Your output is to hold only the lines from the one showing "園では、外国人講師による英会" through the end of the listing, exactly, with every picture excluded.

• Supplied information:
=== Section Start ===

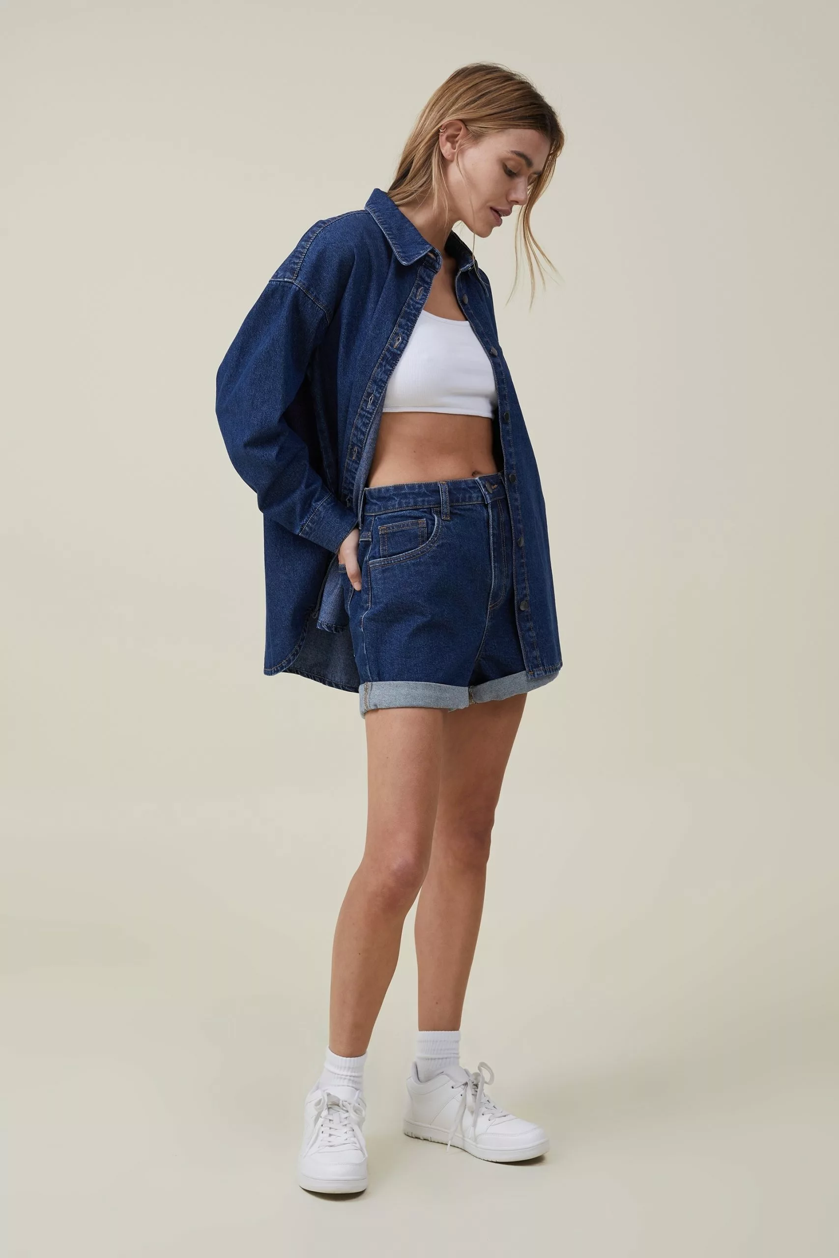 - Oversized denim shirt
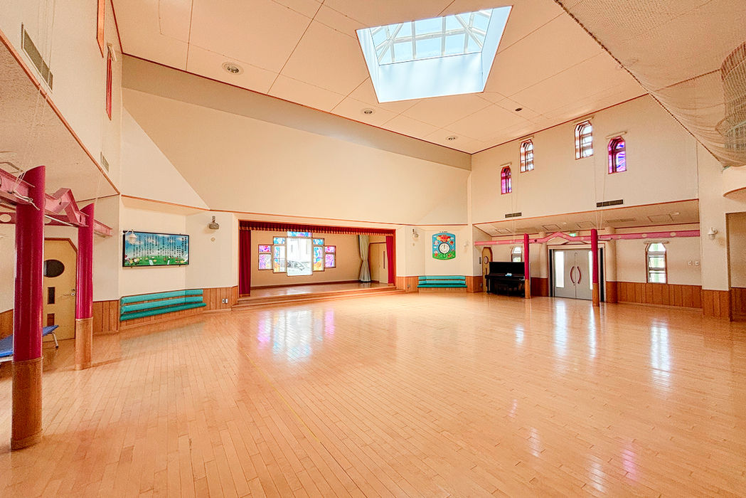 園では、外国人講師による英会話や専門講師による体育指導を取り入れ、遊びの中で学べる環境を整えています。広い園庭と遊戯室、野菜栽培ができる学級園など、自然とふれあえる環境も充実。安全面への配慮として、防犯カメラの設置や設備点検も徹底しています。
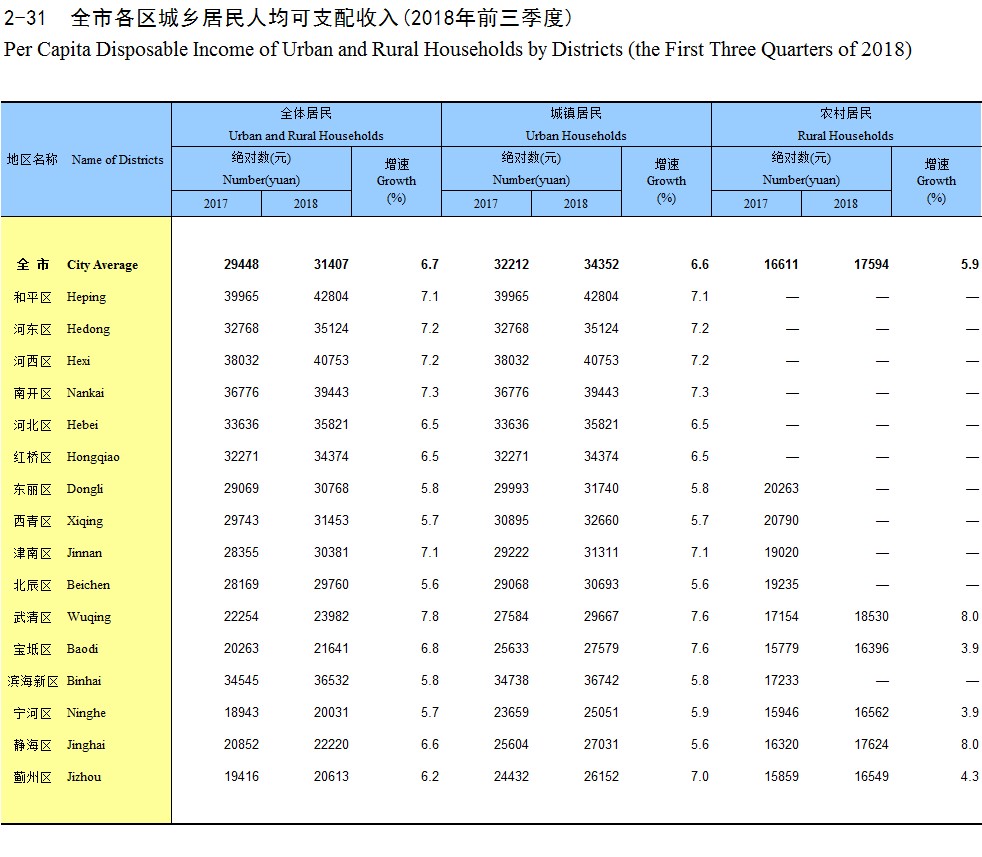 2-31 全市各区城乡居民人均可支配收入(2018年前三季度)
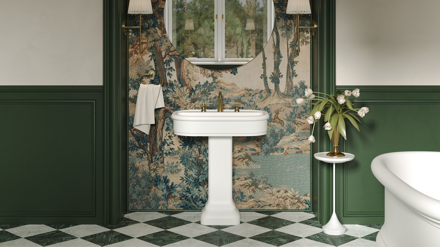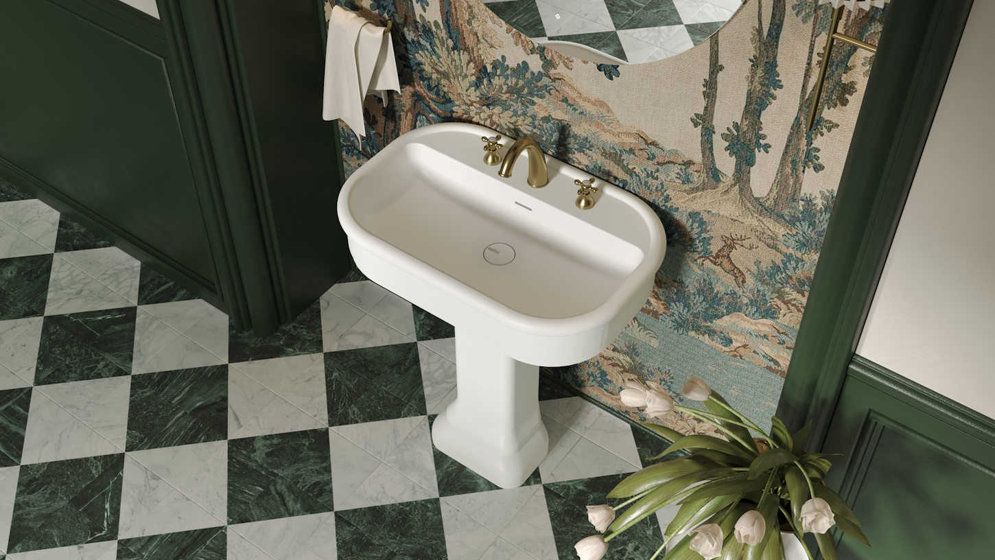 Принадлежность к премиальному сегменту сантехники подчёркнута выразительными скруглениями декоративных элементов и акцентированными архитектурными деталями, характерными для престижной европейской классики.

=== Section End ===

• Output for this task:
 園では、外国人講師による英会話や専門講師による体育指導を取り入れ、遊びの中で学べる環境を整えています。広い園庭と遊戯室、野菜栽培ができる学級園など、自然とふれあえる環境も充実。安全面への配慮として、防犯カメラの設置や設備点検も徹底しています。
 2-31 全市各区城乡居民人均可支配收入(2018年前三季度)
 Принадлежность к премиальному сегменту сантехники подчёркнута выразительными скруглениями декоративных элементов и акцентированными архитектурными деталями, характерными для престижной европейской классики.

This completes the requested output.